**Material provided**
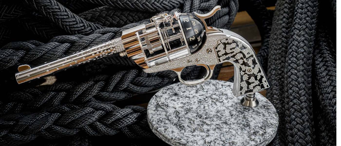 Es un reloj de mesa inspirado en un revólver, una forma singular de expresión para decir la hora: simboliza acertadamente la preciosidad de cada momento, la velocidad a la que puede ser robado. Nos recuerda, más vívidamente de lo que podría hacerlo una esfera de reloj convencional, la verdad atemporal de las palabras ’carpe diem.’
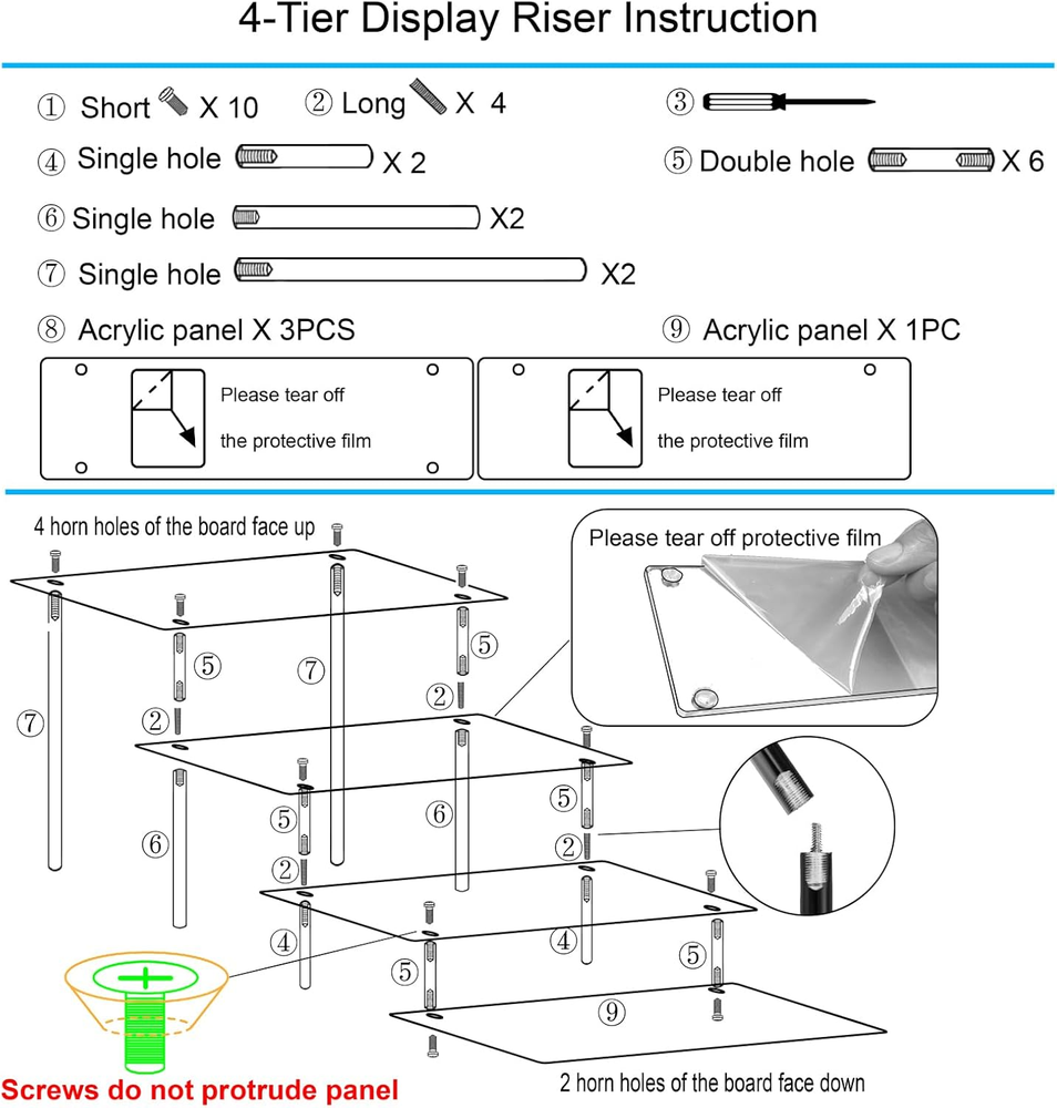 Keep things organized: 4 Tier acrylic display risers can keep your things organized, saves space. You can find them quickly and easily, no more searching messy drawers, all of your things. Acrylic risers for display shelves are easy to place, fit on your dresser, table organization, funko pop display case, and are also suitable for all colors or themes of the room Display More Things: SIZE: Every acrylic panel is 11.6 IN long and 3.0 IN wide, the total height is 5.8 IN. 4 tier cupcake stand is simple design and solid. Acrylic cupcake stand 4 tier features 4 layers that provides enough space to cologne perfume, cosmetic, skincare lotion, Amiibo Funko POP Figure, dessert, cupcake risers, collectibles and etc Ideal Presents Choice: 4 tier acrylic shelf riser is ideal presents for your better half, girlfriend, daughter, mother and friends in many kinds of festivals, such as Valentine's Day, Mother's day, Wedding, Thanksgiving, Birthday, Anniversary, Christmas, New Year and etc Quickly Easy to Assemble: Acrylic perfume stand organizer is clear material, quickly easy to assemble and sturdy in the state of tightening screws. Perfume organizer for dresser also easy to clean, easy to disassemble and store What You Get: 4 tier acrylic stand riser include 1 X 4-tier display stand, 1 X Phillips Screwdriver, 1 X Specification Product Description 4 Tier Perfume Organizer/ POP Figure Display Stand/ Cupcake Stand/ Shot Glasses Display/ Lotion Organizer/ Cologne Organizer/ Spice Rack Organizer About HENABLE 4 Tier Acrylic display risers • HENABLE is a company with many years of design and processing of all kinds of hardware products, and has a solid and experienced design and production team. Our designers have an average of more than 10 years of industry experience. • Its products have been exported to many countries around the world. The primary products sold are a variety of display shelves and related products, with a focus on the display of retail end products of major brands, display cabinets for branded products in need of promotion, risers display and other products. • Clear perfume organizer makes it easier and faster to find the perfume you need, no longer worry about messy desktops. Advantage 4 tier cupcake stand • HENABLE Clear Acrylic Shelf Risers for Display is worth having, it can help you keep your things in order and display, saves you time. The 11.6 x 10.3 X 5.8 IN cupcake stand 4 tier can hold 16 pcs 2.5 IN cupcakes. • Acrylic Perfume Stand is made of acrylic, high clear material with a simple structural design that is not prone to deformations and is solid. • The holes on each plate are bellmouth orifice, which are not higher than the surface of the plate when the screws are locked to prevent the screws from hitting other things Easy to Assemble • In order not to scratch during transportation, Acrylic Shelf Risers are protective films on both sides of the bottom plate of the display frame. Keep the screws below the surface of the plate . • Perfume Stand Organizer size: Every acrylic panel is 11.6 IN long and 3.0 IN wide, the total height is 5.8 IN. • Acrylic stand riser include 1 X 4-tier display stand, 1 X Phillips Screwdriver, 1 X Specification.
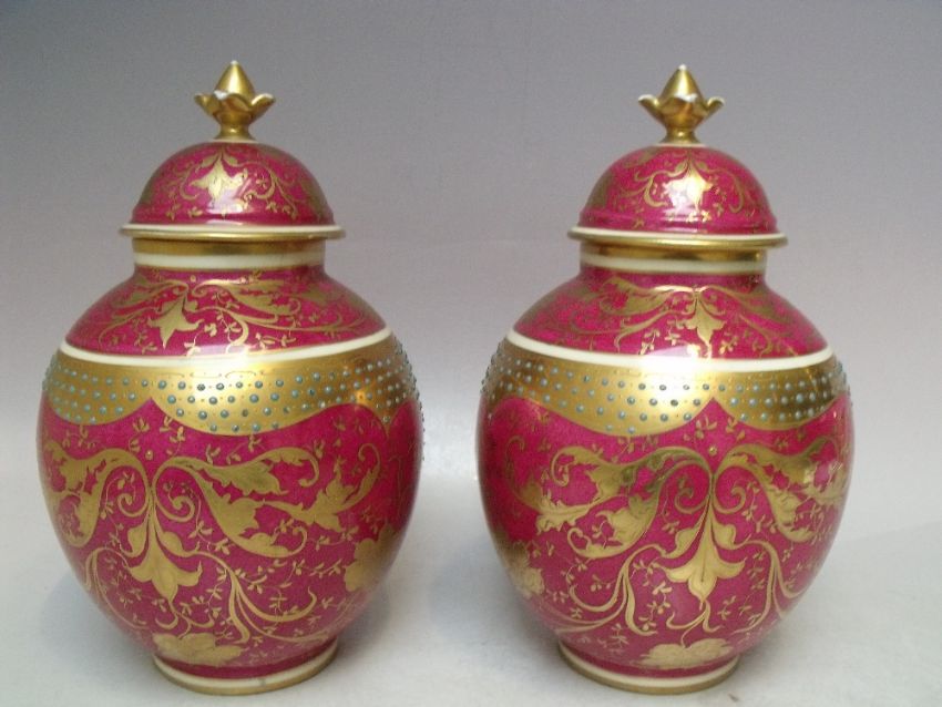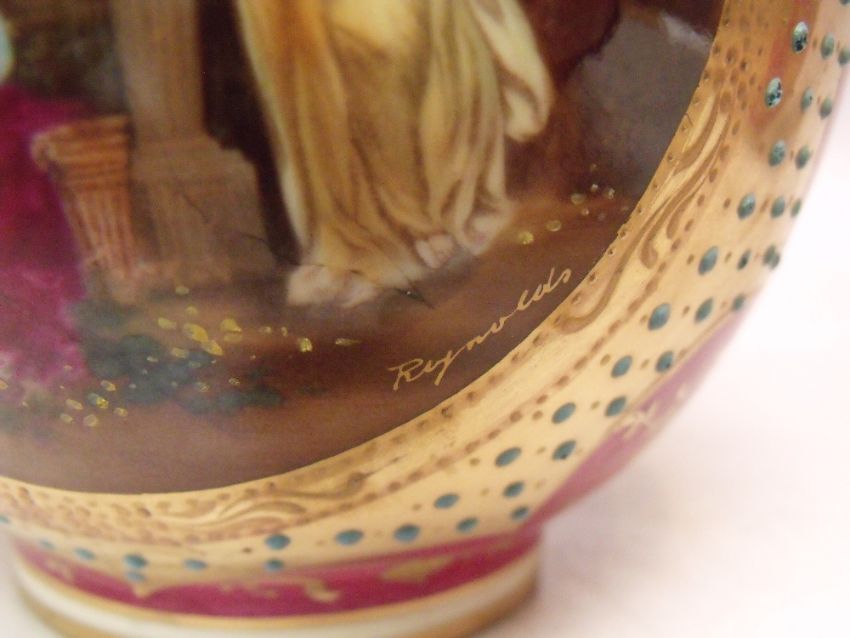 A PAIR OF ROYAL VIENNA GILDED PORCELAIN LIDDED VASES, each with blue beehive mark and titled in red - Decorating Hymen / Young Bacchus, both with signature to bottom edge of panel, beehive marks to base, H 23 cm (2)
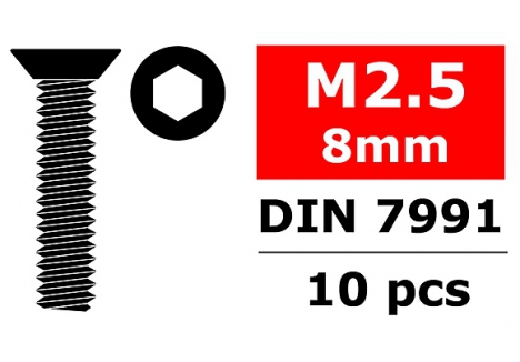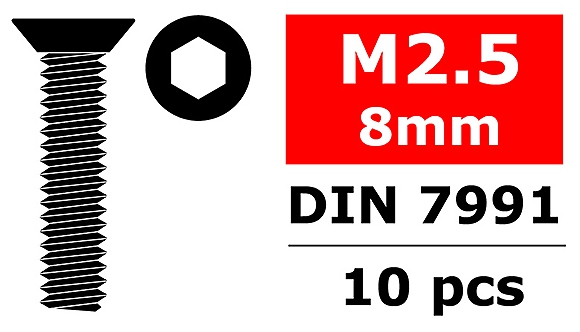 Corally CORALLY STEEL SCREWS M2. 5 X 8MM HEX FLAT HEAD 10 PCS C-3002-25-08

**Work instruction**
The expected answer is the full listing above, transcribed exactly and without pictures.

**The answer**
 Es un reloj de mesa inspirado en un revólver, una forma singular de expresión para decir la hora: simboliza acertadamente la preciosidad de cada momento, la velocidad a la que puede ser robado. Nos recuerda, más vívidamente de lo que podría hacerlo una esfera de reloj convencional, la verdad atemporal de las palabras ’carpe diem.’
 Keep things organized: 4 Tier acrylic display risers can keep your things organized, saves space. You can find them quickly and easily, no more searching messy drawers, all of your things. Acrylic risers for display shelves are easy to place, fit on your dresser, table organization, funko pop display case, and are also suitable for all colors or themes of the room Display More Things: SIZE: Every acrylic panel is 11.6 IN long and 3.0 IN wide, the total height is 5.8 IN. 4 tier cupcake stand is simple design and solid. Acrylic cupcake stand 4 tier features 4 layers that provides enough space to cologne perfume, cosmetic, skincare lotion, Amiibo Funko POP Figure, dessert, cupcake risers, collectibles and etc Ideal Presents Choice: 4 tier acrylic shelf riser is ideal presents for your better half, girlfriend, daughter, mother and friends in many kinds of festivals, such as Valentine's Day, Mother's day, Wedding, Thanksgiving, Birthday, Anniversary, Christmas, New Year and etc Quickly Easy to Assemble: Acrylic perfume stand organizer is clear material, quickly easy to assemble and sturdy in the state of tightening screws. Perfume organizer for dresser also easy to clean, easy to disassemble and store What You Get: 4 tier acrylic stand riser include 1 X 4-tier display stand, 1 X Phillips Screwdriver, 1 X Specification Product Description 4 Tier Perfume Organizer/ POP Figure Display Stand/ Cupcake Stand/ Shot Glasses Display/ Lotion Organizer/ Cologne Organizer/ Spice Rack Organizer About HENABLE 4 Tier Acrylic display risers • HENABLE is a company with many years of design and processing of all kinds of hardware products, and has a solid and experienced design and production team. Our designers have an average of more than 10 years of industry experience. • Its products have been exported to many countries around the world. The primary products sold are a variety of display shelves and related products, with a focus on the display of retail end products of major brands, display cabinets for branded products in need of promotion, risers display and other products. • Clear perfume organizer makes it easier and faster to find the perfume you need, no longer worry about messy desktops. Advantage 4 tier cupcake stand • HENABLE Clear Acrylic Shelf Risers for Display is worth having, it can help you keep your things in order and display, saves you time. The 11.6 x 10.3 X 5.8 IN cupcake stand 4 tier can hold 16 pcs 2.5 IN cupcakes. • Acrylic Perfume Stand is made of acrylic, high clear material with a simple structural design that is not prone to deformations and is solid. • The holes on each plate are bellmouth orifice, which are not higher than the surface of the plate when the screws are locked to prevent the screws from hitting other things Easy to Assemble • In order not to scratch during transportation, Acrylic Shelf Risers are protective films on both sides of the bottom plate of the display frame. Keep the screws below the surface of the plate . • Perfume Stand Organizer size: Every acrylic panel is 11.6 IN long and 3.0 IN wide, the total height is 5.8 IN. • Acrylic stand riser include 1 X 4-tier display stand, 1 X Phillips Screwdriver, 1 X Specification.
 A PAIR OF ROYAL VIENNA GILDED PORCELAIN LIDDED VASES, each with blue beehive mark and titled in red - Decorating Hymen / Young Bacchus, both with signature to bottom edge of panel, beehive marks to base, H 23 cm (2)
 Corally CORALLY STEEL SCREWS M2. 5 X 8MM HEX FLAT HEAD 10 PCS C-3002-25-08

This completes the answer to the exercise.